A new adaptive binarization method is proposed for the vehicle state images obtained from the intelligent operation and maintenance system of rail transit. The method can check the corresponding vehicle status information in the intelligent operation and maintenance system of rail transit more quickly and effectively, track and monitor the vehicle operation status in real time, and improve the emergency response ability of the system. The advantages of the proposed method mainly include two points. For decolorization, we use the method of contrast preserving decolorization[1] obtain the appropriate ratio of R, G, and B for the grayscale of the RGB image which can retain the color information of the vehicle state images background to the maximum, and maintain the contrast between the foreground and the background. In terms of threshold selection, the mean value and standard deviation of gray value corresponding to multi-color background of vehicle state images are obtained by using major cluster estimation[2], and the adaptive threshold is determined by the 2 sigma principle for binarization, which can extract text, identifier and other target information effectively.
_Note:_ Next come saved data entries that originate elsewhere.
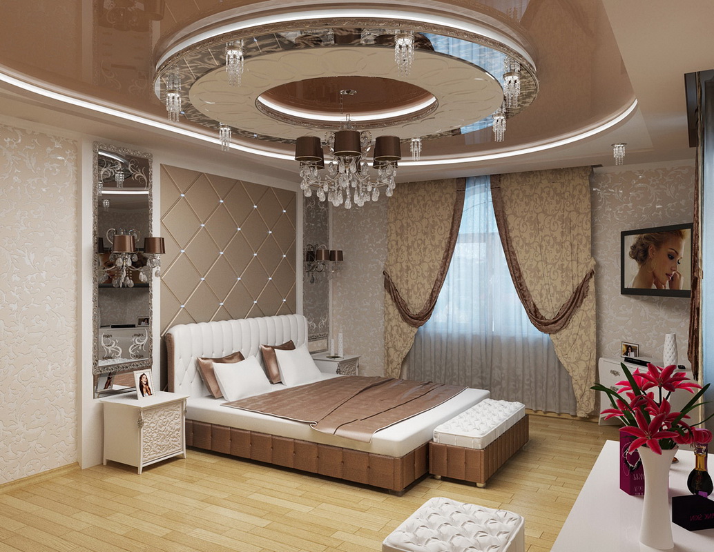 Für ein Schlafzimmer von 14 Quadratmetern. m nicht geeignet für modische runde und hängende Betten, für ein solches quadratisches passendes Bett standard rechteckige Form, aber es gibt eine große Auswahl an Korpussen und Kopfteilen. Es ist notwendig, Rahmen mit abgerundeten Ecken oder zu bevorzugenaus Schaumstoff gefertigt, reduziert es das Verletzungsrisiko. Das Kopfteil wird auf der Grundlage der Abmessungen des Raumes ausgewählt.
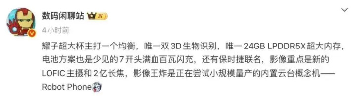 除此以外,博主@数码谈天站 的另一份爆料显现,“耀子超大杯主打一个平衡,惟一对3D生物识别,惟一24GB LPDDR5X超大内存,电板决议亦然罕有的7开首满血百瓦闪充,还有保时捷联名,影像要点是新的LOFIC主摄和2亿长焦,影像王炸是正在尝试小边界量产的内置云台认识机——Robot Phone”。
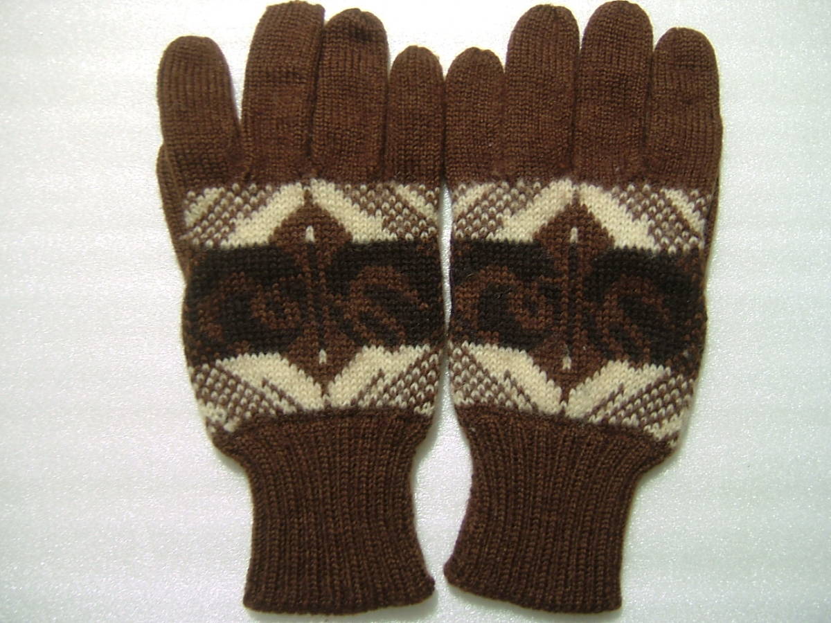 ウール手袋 ブラウン 長さ22cm 中指6.5cm 男女兼用
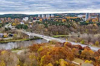 Valakampiai Bridge (Lithuanian: Valakampių tiltas) also known as Valakupiai Bridge (Lithuanian: Valakupių tiltas) is a bridge across Neris River, that connects Žirmūnai and Antakalnis districts of Vilnius. Built in 1972.[1] As of 2007, it is the longest bridge in Vilnius, 341.5 metres long and approximately 21.0 metres wide.[2] The bridge has six spans: the major one, 100.0 metres long is over the river, the second one is on the left bank and four-span viaduct is on the right bank. It is made of ferroconcrete blocks, connected by wire fibers into inseparable ferroconcrete beams.
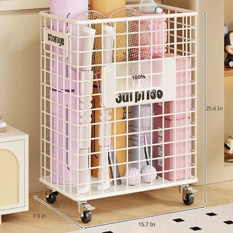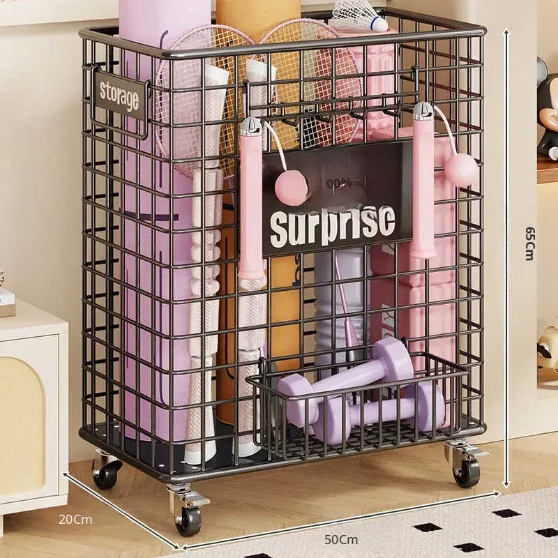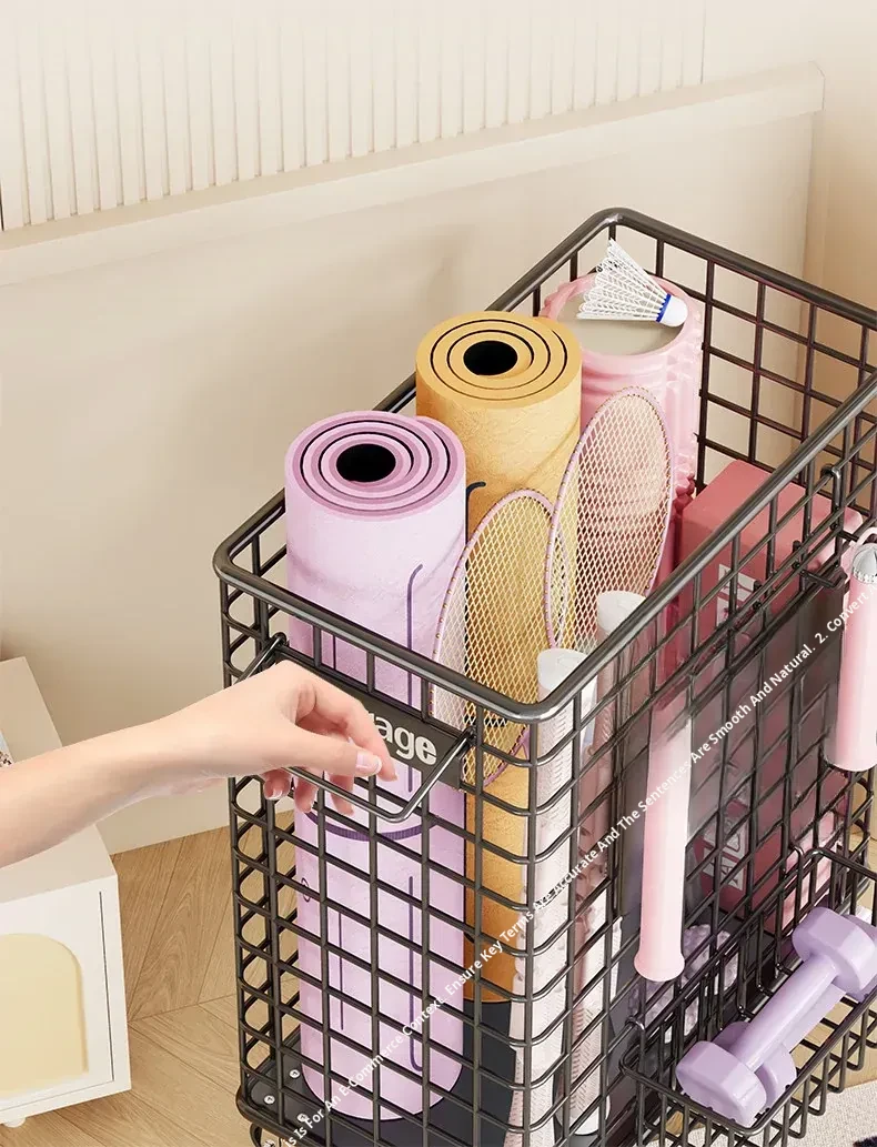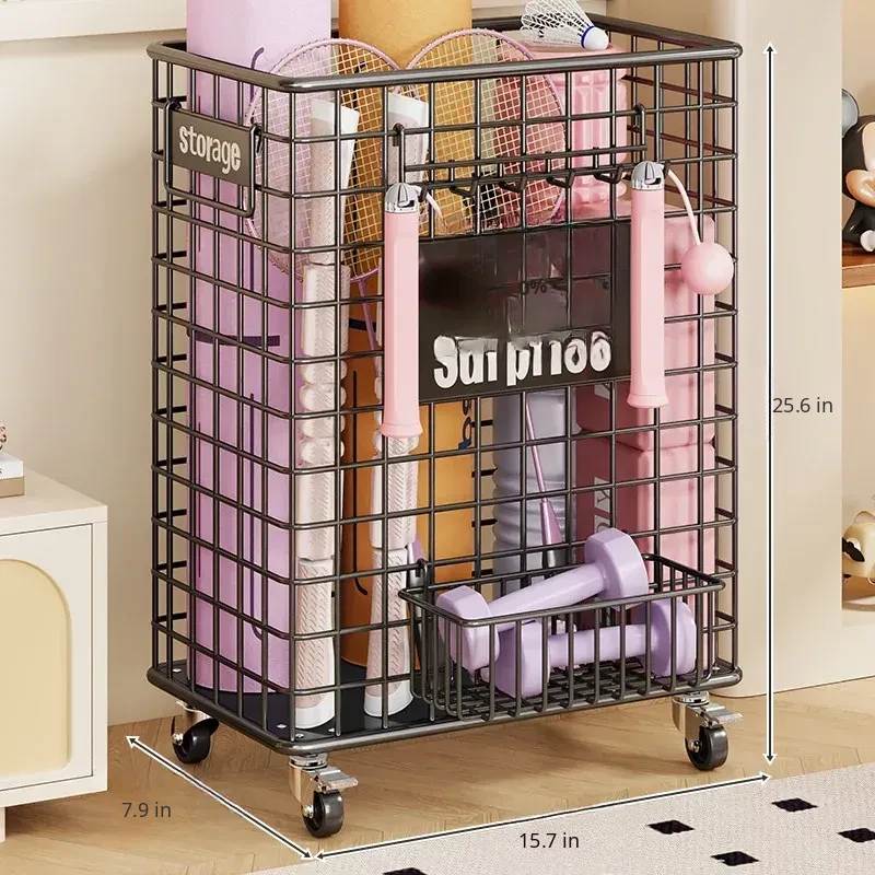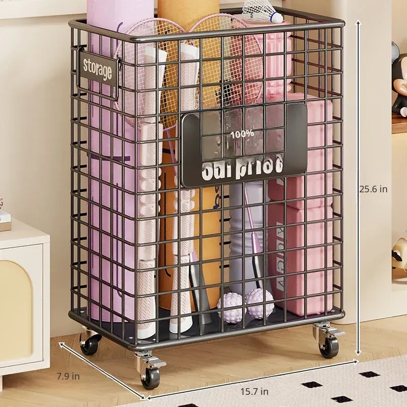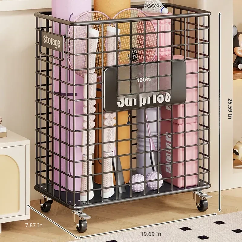 Large Yoga Mat Storage Basket with Wheels - Versatile Organizer for Badminton Rackets and Sports Equipment, Perfect for Home Gym Essentials
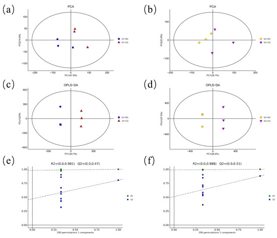 PCA and OPLS-DA score plots generated from plasma metabolic profiles. (a) Untargeted analysis in GY-RG and GY-CG. Cumulative fitness (R2 value) of the PCA model was 0.762. (b) Untargeted analysis in GC-RG and GC-CG. Cumulative fitness (R2 value) of the PCA model was 0.758. (c) OPLS-DA score plot of GY-RG and GY-CG, (R2X (cum) = 0.628, R2Y (cum) = 1, Q2 (cum) = 0.805). (d) OPLS-DA score plot of GC-RG and GC-CG, (R2X (cum) = 0.704, R2Y (cum) = 1, Q2 (cum) = 0.88). The PC1 and PC2 values in the figures represent the scores of each sample for principal components one and two, respectively. Each dot, square, or diamond on the plot represents a sample in the corresponding group. (e) OPLS-DA permutation test (200 times) in GY-RG and GY-CG. The results of the permutation test strongly indicate that the original model was valid (R2 intercept = 0.981, Q2 intercept = 0.47) (f) OPLS-DA permutation test (200 times) in GC-RG and GC-CG. The results of the permutation test strongly indicate that the original model was valid (R2 intercept = 0.988, Q2 intercept = 0.51). GY, Guanling yellow cattle; GC, Guanling crossbred cattle; CG, control group (the basal diet group); RG, DDGS 25% concentrate group.
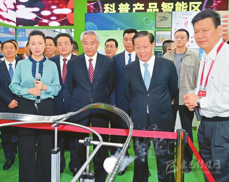 9月5日,全國(guó)政協(xié)副主席邵鴻,省委書(shū)記、省人大常委會(huì)主任彭清華及參會(huì)嘉賓參觀科博會(huì)展館,了解科技創(chuàng)新成果和轉(zhuǎn)化應(yīng)用情況。 歐陽(yáng)杰 攝
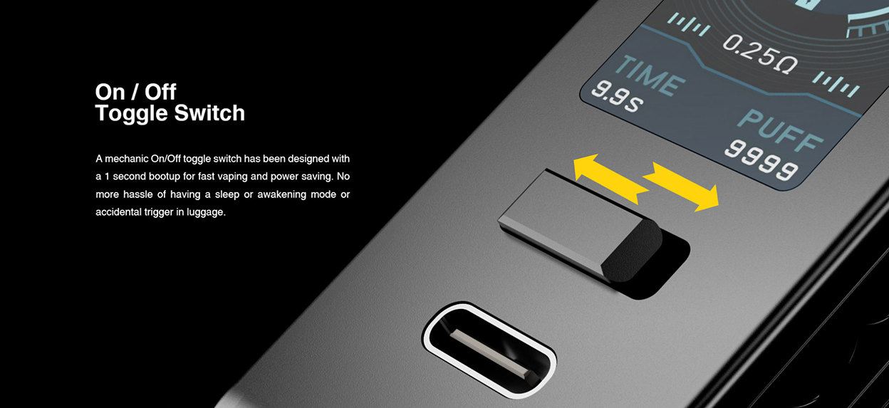 A mechanic On / off toggle switch has been designed with 1 second bootup for fast vaping and power saving . No more hassle of having a sleep or awakening mode or accidental trigger in luggage
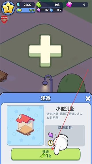 2、选择小型别墅,消耗3紫色资源与1k金币,点击建造完成建筑搭建。

The experimental results show that, regarding the vehicle state images with rich background color information, this method is better than the traditional binarization methods, such as the global threshold Otsu algorithm[3] and the local threshold Sauvola algorithm[4],[5] based on threshold, Mean-Shift algorithm[6], K-Means algorithm[7] and Fuzzy C Means[8] algorithm based on statistical learning. As an image preprocessing scheme for intelligent rail transit data verification, the method can improve the accuracy of text and identifier recognition effectively by verifying the optical character recognition through a data set containing images of different vehicle statuses.